Write out the listing exactly, dropping any picture it contains.

:: DATA TO EXAMINE ::
● ● ● ● ●

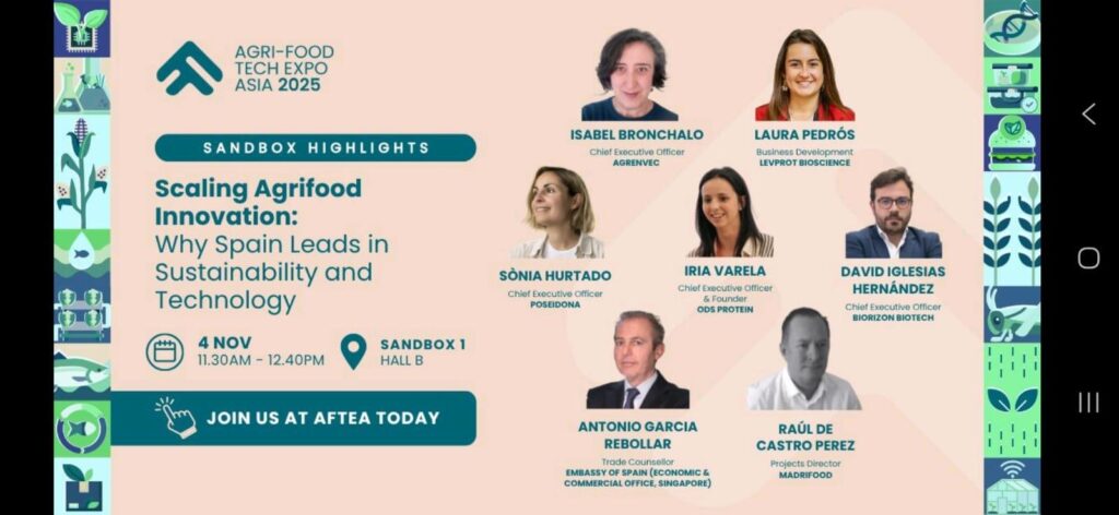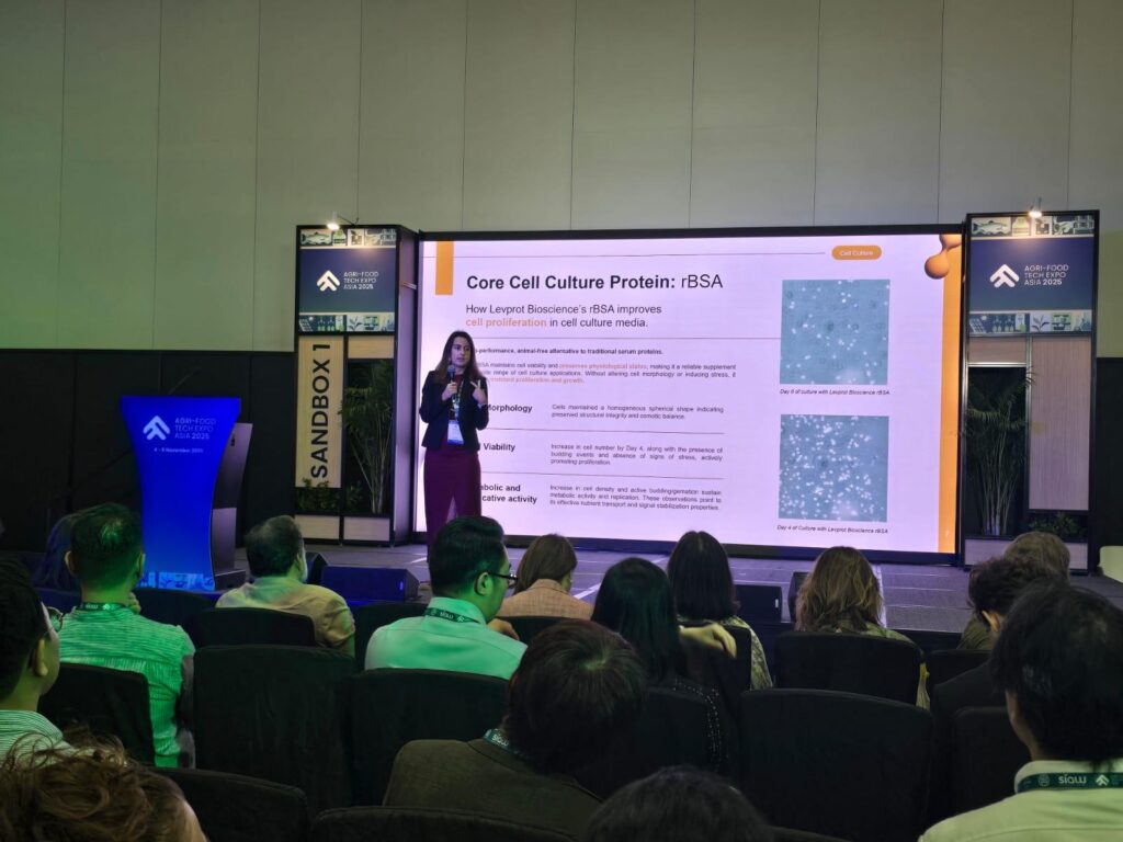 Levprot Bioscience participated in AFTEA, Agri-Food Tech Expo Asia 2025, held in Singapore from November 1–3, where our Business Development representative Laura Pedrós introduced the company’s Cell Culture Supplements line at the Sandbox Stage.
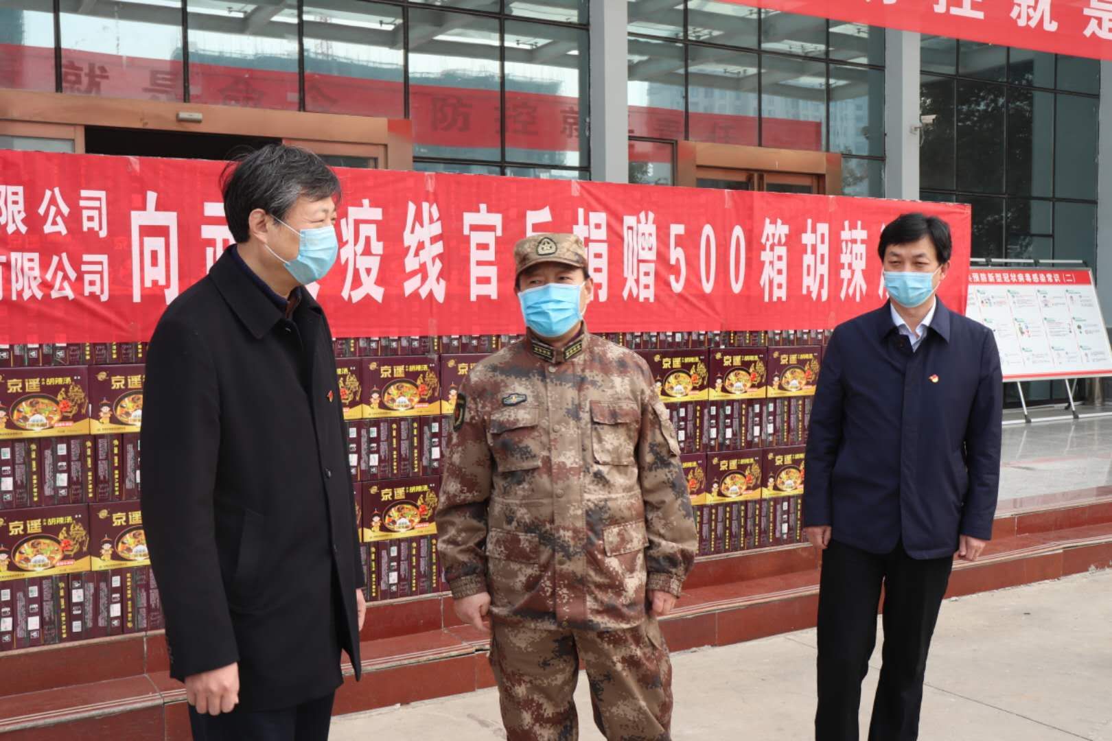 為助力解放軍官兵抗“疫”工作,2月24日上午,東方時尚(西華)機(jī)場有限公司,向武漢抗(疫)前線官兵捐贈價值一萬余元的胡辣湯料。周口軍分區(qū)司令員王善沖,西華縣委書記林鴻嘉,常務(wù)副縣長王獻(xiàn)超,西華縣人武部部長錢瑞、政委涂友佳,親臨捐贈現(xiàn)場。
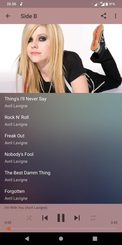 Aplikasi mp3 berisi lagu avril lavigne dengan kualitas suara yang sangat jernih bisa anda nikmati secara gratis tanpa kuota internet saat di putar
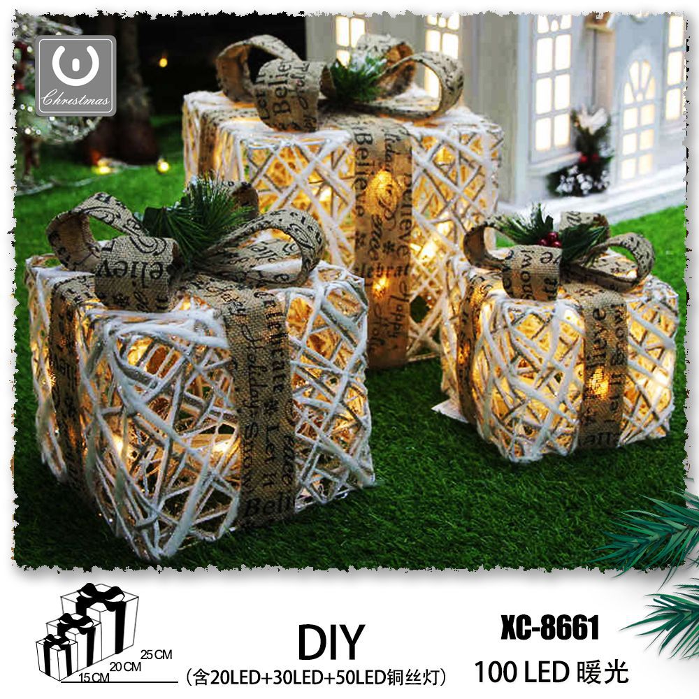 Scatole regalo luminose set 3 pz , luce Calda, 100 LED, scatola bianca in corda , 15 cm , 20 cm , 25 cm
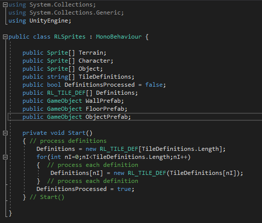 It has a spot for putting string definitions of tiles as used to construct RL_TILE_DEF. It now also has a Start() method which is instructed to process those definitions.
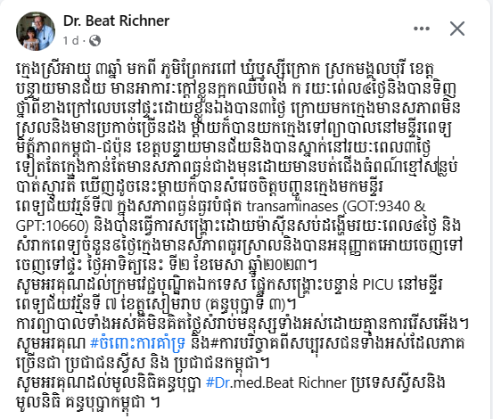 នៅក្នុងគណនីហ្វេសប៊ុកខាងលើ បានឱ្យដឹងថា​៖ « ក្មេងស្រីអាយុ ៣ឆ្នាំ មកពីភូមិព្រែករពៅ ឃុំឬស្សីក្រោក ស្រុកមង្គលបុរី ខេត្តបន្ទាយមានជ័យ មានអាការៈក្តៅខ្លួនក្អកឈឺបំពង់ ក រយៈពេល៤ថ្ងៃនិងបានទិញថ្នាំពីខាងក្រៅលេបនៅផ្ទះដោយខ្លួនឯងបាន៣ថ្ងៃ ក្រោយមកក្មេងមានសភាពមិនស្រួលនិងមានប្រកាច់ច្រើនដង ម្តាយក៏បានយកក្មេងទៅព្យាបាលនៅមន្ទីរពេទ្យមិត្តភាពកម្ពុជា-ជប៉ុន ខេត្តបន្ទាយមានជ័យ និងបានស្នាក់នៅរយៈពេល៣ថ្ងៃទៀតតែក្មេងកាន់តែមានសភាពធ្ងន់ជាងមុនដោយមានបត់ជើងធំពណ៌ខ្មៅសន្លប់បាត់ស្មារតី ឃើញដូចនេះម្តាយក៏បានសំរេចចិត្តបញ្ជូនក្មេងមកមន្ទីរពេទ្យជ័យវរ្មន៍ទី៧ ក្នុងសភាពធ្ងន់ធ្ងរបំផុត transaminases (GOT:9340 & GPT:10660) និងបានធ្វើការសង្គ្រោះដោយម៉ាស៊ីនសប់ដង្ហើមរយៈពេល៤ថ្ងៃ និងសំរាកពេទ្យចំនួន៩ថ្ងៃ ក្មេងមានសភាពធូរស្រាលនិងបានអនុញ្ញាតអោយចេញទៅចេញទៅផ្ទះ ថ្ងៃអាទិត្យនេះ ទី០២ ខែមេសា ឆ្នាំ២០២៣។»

● ● ● ● ●

:: WRITTEN REPLY ::
 Levprot Bioscience participated in AFTEA, Agri-Food Tech Expo Asia 2025, held in Singapore from November 1–3, where our Business Development representative Laura Pedrós introduced the company’s Cell Culture Supplements line at the Sandbox Stage.
 為助力解放軍官兵抗“疫”工作,2月24日上午,東方時尚(西華)機(jī)場有限公司,向武漢抗(疫)前線官兵捐贈價值一萬余元的胡辣湯料。周口軍分區(qū)司令員王善沖,西華縣委書記林鴻嘉,常務(wù)副縣長王獻(xiàn)超,西華縣人武部部長錢瑞、政委涂友佳,親臨捐贈現(xiàn)場。
 Aplikasi mp3 berisi lagu avril lavigne dengan kualitas suara yang sangat jernih bisa anda nikmati secara gratis tanpa kuota internet saat di putar
 Scatole regalo luminose set 3 pz , luce Calda, 100 LED, scatola bianca in corda , 15 cm , 20 cm , 25 cm
 It has a spot for putting string definitions of tiles as used to construct RL_TILE_DEF. It now also has a Start() method which is instructed to process those definitions.
 នៅក្នុងគណនីហ្វេសប៊ុកខាងលើ បានឱ្យដឹងថា​៖ « ក្មេងស្រីអាយុ ៣ឆ្នាំ មកពីភូមិព្រែករពៅ ឃុំឬស្សីក្រោក ស្រុកមង្គលបុរី ខេត្តបន្ទាយមានជ័យ មានអាការៈក្តៅខ្លួនក្អកឈឺបំពង់ ក រយៈពេល៤ថ្ងៃនិងបានទិញថ្នាំពីខាងក្រៅលេបនៅផ្ទះដោយខ្លួនឯងបាន៣ថ្ងៃ ក្រោយមកក្មេងមានសភាពមិនស្រួលនិងមានប្រកាច់ច្រើនដង ម្តាយក៏បានយកក្មេងទៅព្យាបាលនៅមន្ទីរពេទ្យមិត្តភាពកម្ពុជា-ជប៉ុន ខេត្តបន្ទាយមានជ័យ និងបានស្នាក់នៅរយៈពេល៣ថ្ងៃទៀតតែក្មេងកាន់តែមានសភាពធ្ងន់ជាងមុនដោយមានបត់ជើងធំពណ៌ខ្មៅសន្លប់បាត់ស្មារតី ឃើញដូចនេះម្តាយក៏បានសំរេចចិត្តបញ្ជូនក្មេងមកមន្ទីរពេទ្យជ័យវរ្មន៍ទី៧ ក្នុងសភាពធ្ងន់ធ្ងរបំផុត transaminases (GOT:9340 & GPT:10660) និងបានធ្វើការសង្គ្រោះដោយម៉ាស៊ីនសប់ដង្ហើមរយៈពេល៤ថ្ងៃ និងសំរាកពេទ្យចំនួន៩ថ្ងៃ ក្មេងមានសភាពធូរស្រាលនិងបានអនុញ្ញាតអោយចេញទៅចេញទៅផ្ទះ ថ្ងៃអាទិត្យនេះ ទី០២ ខែមេសា ឆ្នាំ២០២៣។»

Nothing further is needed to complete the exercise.